Sensory, Physical, and Health
Impairments and Strategies
Objectives
By the end of this lesson, students should be able to:
Recognize key criteria and characteristics of sensory, physical and health impairments. Describe ways to introduce awareness of special needs with non-disabled classmates. Identify classroom and instructional accommodations for sensory impairments.
Identify classroom and instructional accommodations for physical and health impairments. Adapt lesson plans for sensory and physical differences.
Vocabulary screening visual impairment blind; legally blind low vision acuity central and peripheral vision functional vision low vision aids and devices
Braille
orientation and mobility hearing impairment deaf; hard of hearing
Deaf culture audiogram decibels (dB) hertz (Hz) prelingual v. postlingual hearing loss American Sign Language (ASL)

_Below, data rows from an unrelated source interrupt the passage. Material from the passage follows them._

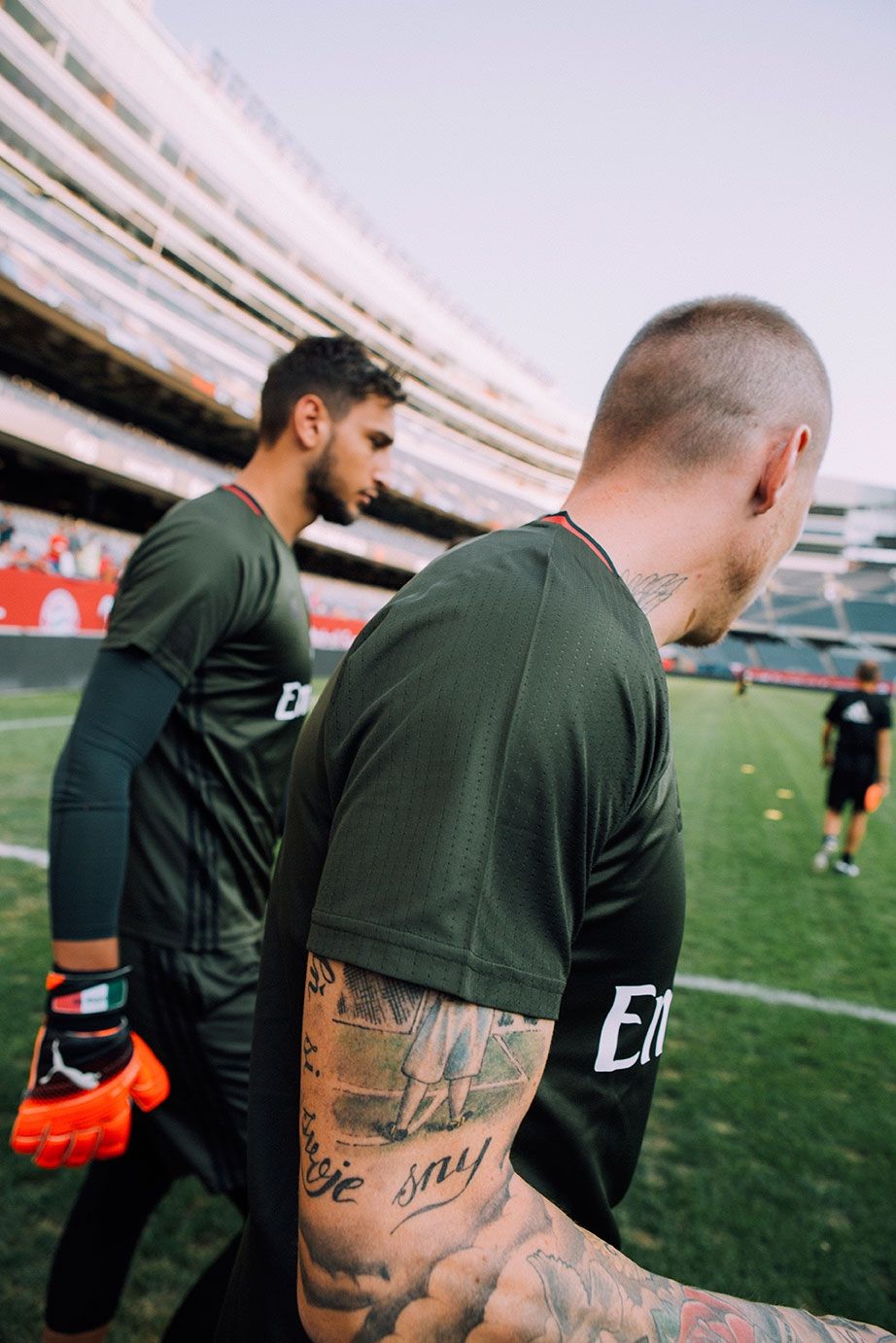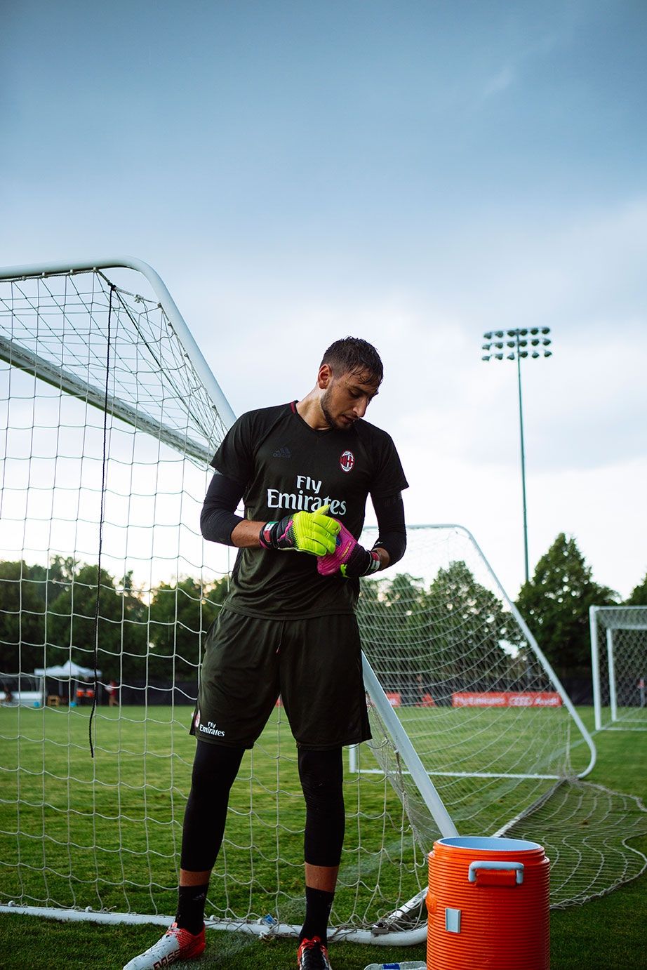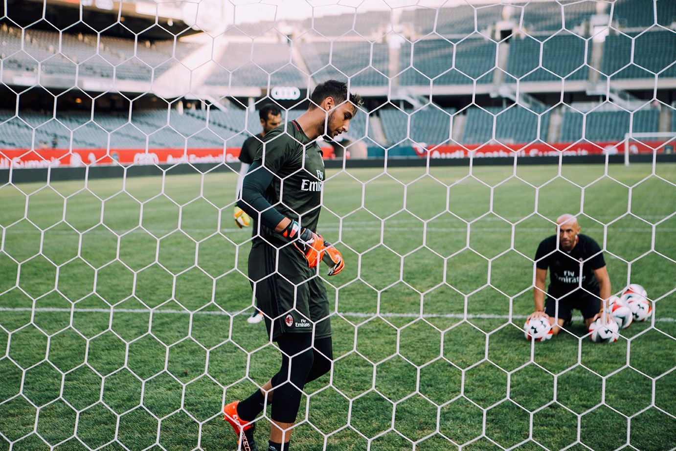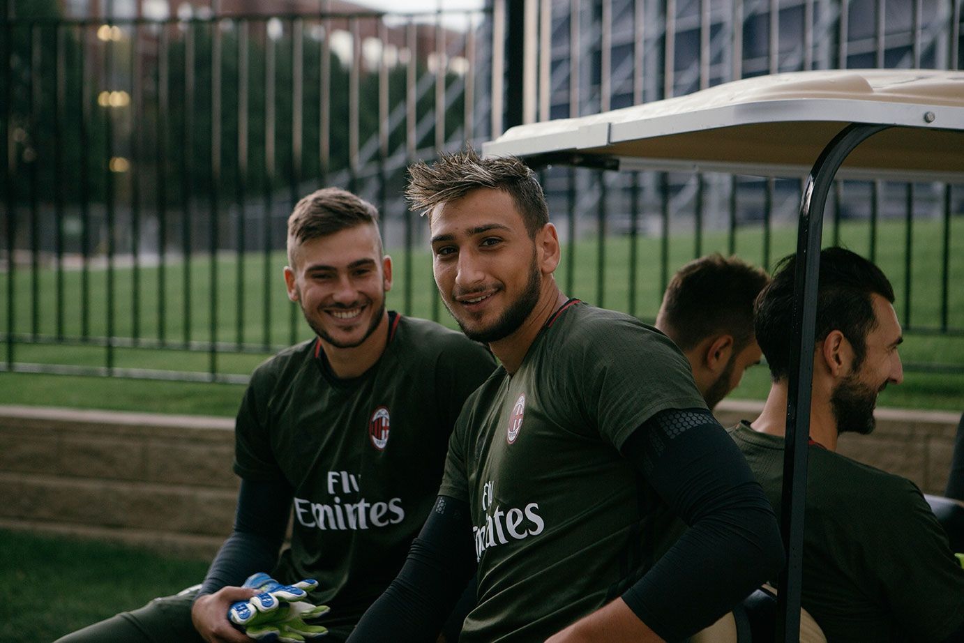Mi preparo molto presto e porto con me tanta voglia di scattare. Ecco che entrano in campo i giocatori in questa struttura appartenente ai Chicago Flames, un posto dove si incontrano Calcio, Baseball e Basketball, tutto perfettamente curato e ben organizzato, tipico della cultura americana. Dopo un breve warm up interno in palestra, escono i primi volti noti accompagnati in campo da delle vere e proprie GolfCar. Pochi ospiti fortunati hanno potuto assistere a questo primo allenamento, me compreso, che dopo un giro negli spogliatoi, per poter vedere da vicino gli attrezzi del mestiere di alcuni dei migliori giocatori del Milan, inizio a fare delle foto. Abate e Donnarumma mi dedicano un sorriso, man mano arrivano tutti, c’è ancora Menez. L’allenamento si divide tra portieri e resto della squadra, è prettamente fisico, tanta corsa e tanti scatti, qualche minuto di Torello. Riesco ad avvicinare i 4 portieri della squadra – Diego Lopez, Donnarumma, Gabriel, Livieri – e mi accorgo di quanto lavoro c’è dietro alla preparazione che il mister Magni gli fa fare.
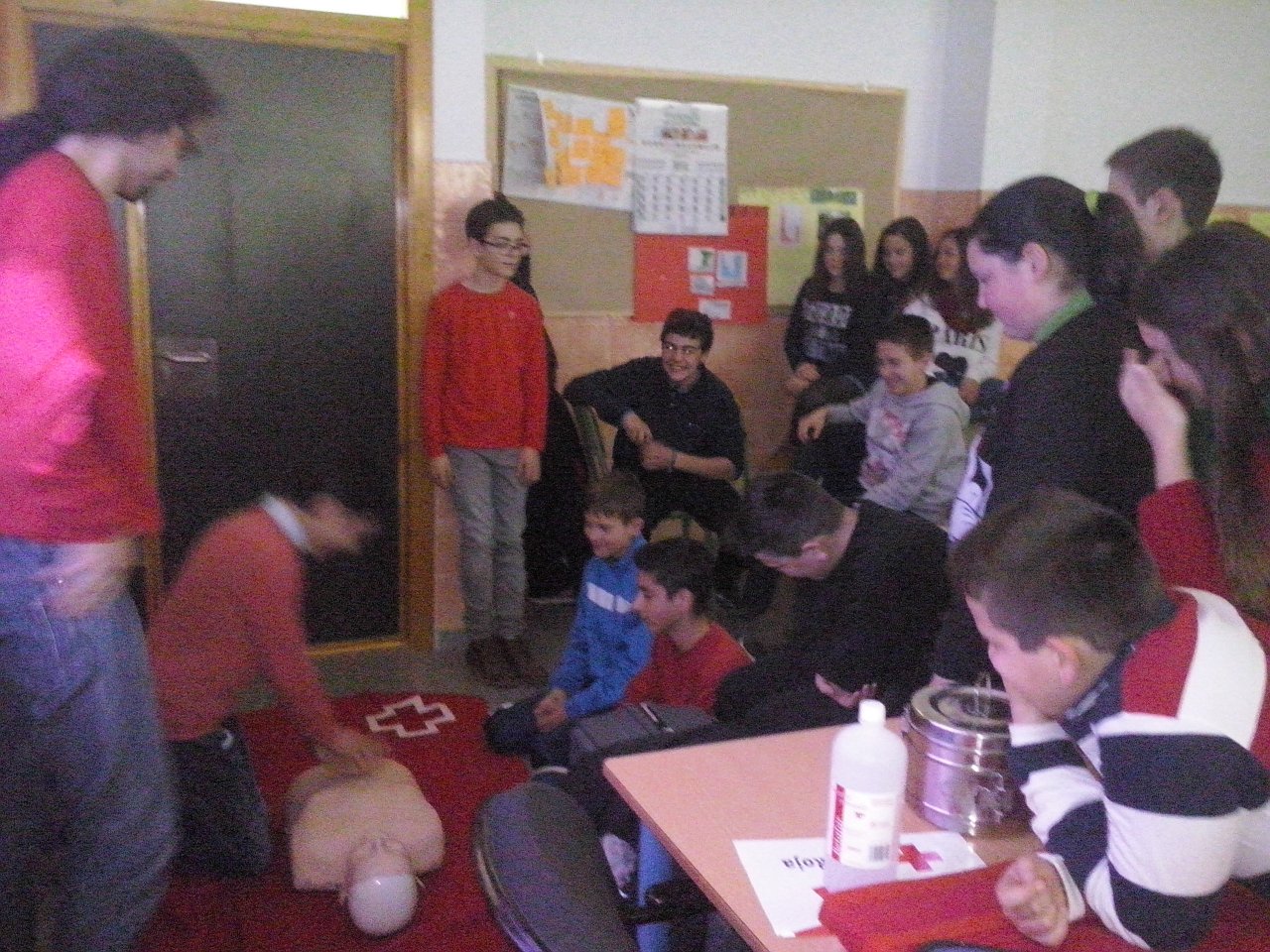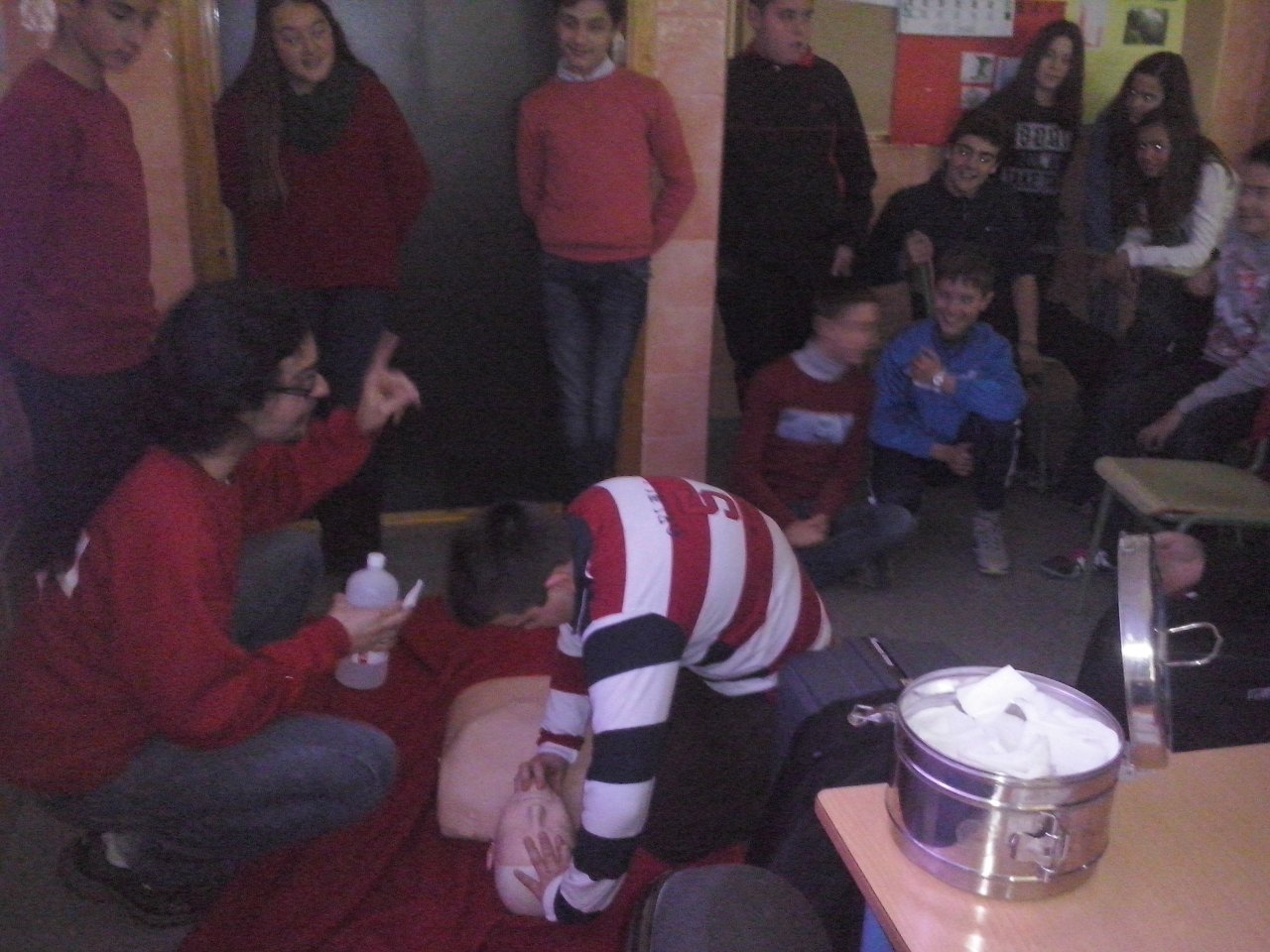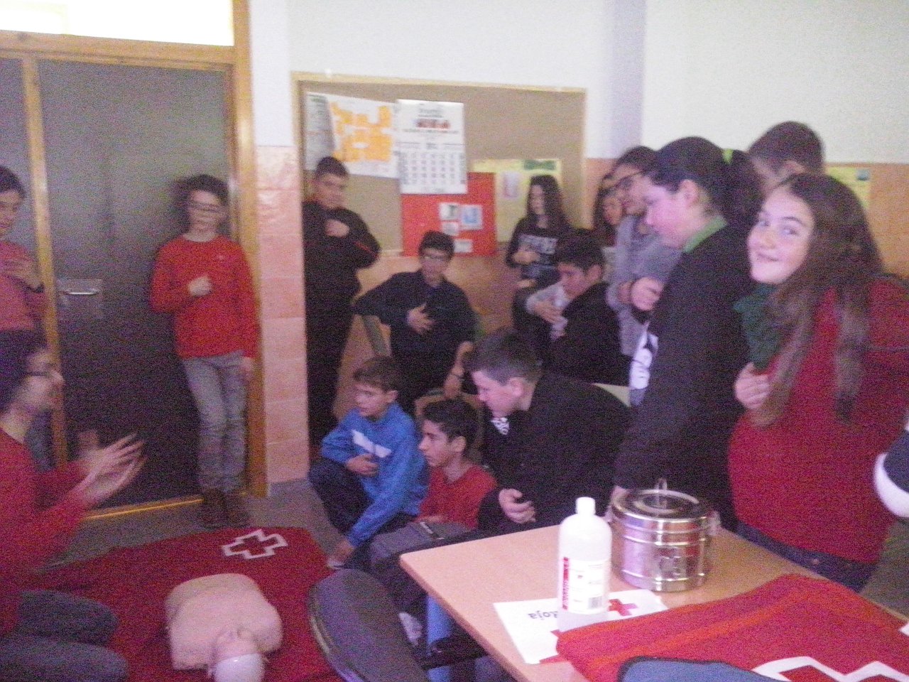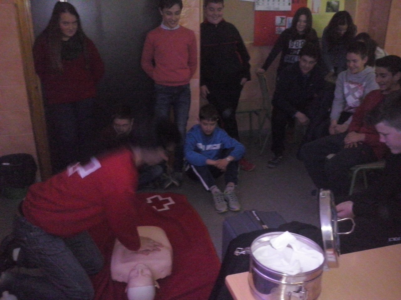 El pasado 24 de febrero el alumnado de 1º de ESO recibió una charla por parte de la cruz roja y también realizaron prácticas. Aprendieron nociones básicas de primeros auxilios para saber como actuar en caso necesario.
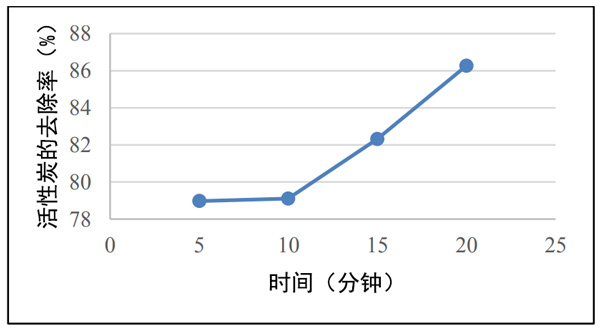 吸附時(shí)間測試:將豆腐廢液行業(yè)樣品溶液制備到四個(gè)燒杯中。在每杯中加入多達(dá)0.5克的椰殼活性炭。攪拌下靜置5分鐘,10分鐘,15分鐘,20分鐘。之后,用移液管吸取10mL溶液,然后將其放入試管中。加入0.4mL苯酚溶液,0.4mL硝普鈉,1mL氧化溶液。放置1小時(shí)以產(chǎn)生顏色。形成顏色后,使用濾紙將活性炭與樣品溶液分離。倒入比色杯,使用分光光度計(jì)對其進(jìn)行分析,讀取并記錄其在640nm波長處的吸收。時(shí)間變化的吸附用K2CO3活性炭和HCl活性炭進(jìn)行兩次。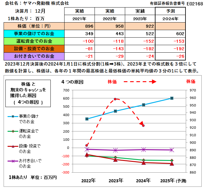 今年の2023年12月決算期までの株価と財務数値のグラフを見て、8ケ月後の2024年8月の株価を判断してください。なお、今期のスタートの2024年1月1日に株式分割(1株➡3株)されています。 ( 考えたうえで「回答です !! 」を見てくださいね )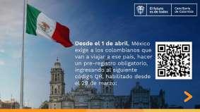 detallada sobre su itinerario durante su estadía en México”. La información agregó que tras diligenciar el formulario, los viajeros recibirán en su correo electrónico “un código QR que deberá ser presentado impreso al oficial de migración al momento de su llegada a México”. Para viajar a la nación norteamericana por turismo, negocios, estudios o tránsito, los colombianos no requieren visa siempre y cuando la estancia sea menor a 180 días, según las autoridades mexicanas. Igualmente, México retiró el requisito de la visa para los colombianos en 2012 en el marco de las negociaciones de la Alianza del Pacífico.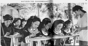 | 大扫盲时期,五指山公社民校在给学员上课。 本报记者 林萌 翻拍 |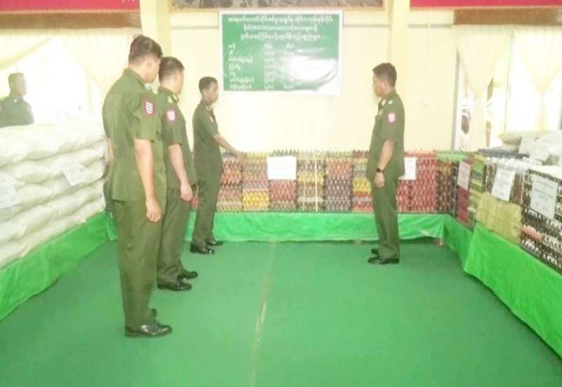 ဆိုင်ကလုန်းမုန်တိုင်း (မိုခါ) တိုက်ခတ်မှုကြောင့် ထိခိုက်ပျက်စီးဆုံးရှုံးမှုများ ဖြစ်ပေါ်ခဲ့သည့် ရခိုင်ပြည်နယ်အတွင်းရှိ မုန်တိုင်းဒဏ်သင့်ပြည်သူများအား အနောက်တောင်တိုင်းစစ်ဌာနချုပ်နှင့် ကွပ်ကဲမှုအောက် တပ်ရင်း/တပ်ဖွဲ့များမှ ဆန်၊ ဆီနှင့် စားသောက်ကုန်ပစ္စည်းများ လှူဒါန်းရန်အတွက် တိုင်းစစ်ဌာနချုပ်၊ ဧရာဝတီခန်းမ၌ စုဖွဲ့ပြင်ဆင်ထားရှိမှုအခြေအနေများကို ယနေ့နံနက်ပိုင်းတွင် တိုင်းမှူး ဗိုလ်မှူးချုပ် ကြည်ခိုင်နှင့် တာဝန်ရှိသူများက သွားရောက်ကြည့်ရှုသည်။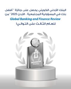 للعام الثالث على التوالي ٠٠ الأردني الكويتي “أفضل بنك في الأردن بمجال المسؤولية المجتمعية” لعام 2025
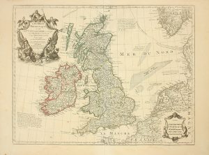 1800. MAPA : (ISLAS BRITANICAS). ISLE, G. DE L´ : LES ISLES BRITANNIQUES. 49 X 62 cm, huella, 54 x 73 cm, papel. Comprende el reino de Inglaterra, Escocia e Irlanda, con las fronteras coloreadas.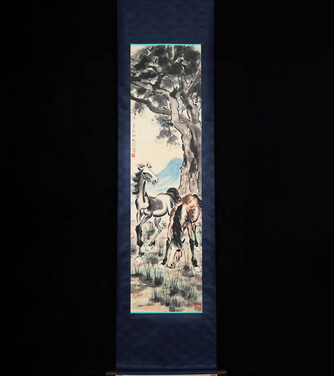 - 古美術 掛け軸 中国・近現代 徐悲鴻書 「榕樹双駿図」 紙本 立軸 書道 巻き物 真筆逸品 肉筆保証 唐物 古画 LT-1001

Signed Exact English total communication cochlear implant assistive technology (AT) deaf-blindness orthopedic impairments cerebral palsy positioning adaptive switches physical therapy occupational therapy other health impairments seizure disorder (epilepsy) multiple disabilities health protocols
“low impact” instructional modifications learned helplessness
Page 1
2
The Exceptional Child
Introduction
In Lesson 3, we are beginning to look at specific disabilities, starting with some that may be most familiar to you – hearing, vision, physical and health impairments. Historically, these disabilities have received much attention, discussed in Lesson 1. However, they are generally very low incidence (not very prevalent), meaning that they are rare and make up a small part of the disabilities that you will see in your classroom. You may never have a blind or deaf child in your classroom, or one who is physically limited to a wheelchair or needs a communication board to “speak”.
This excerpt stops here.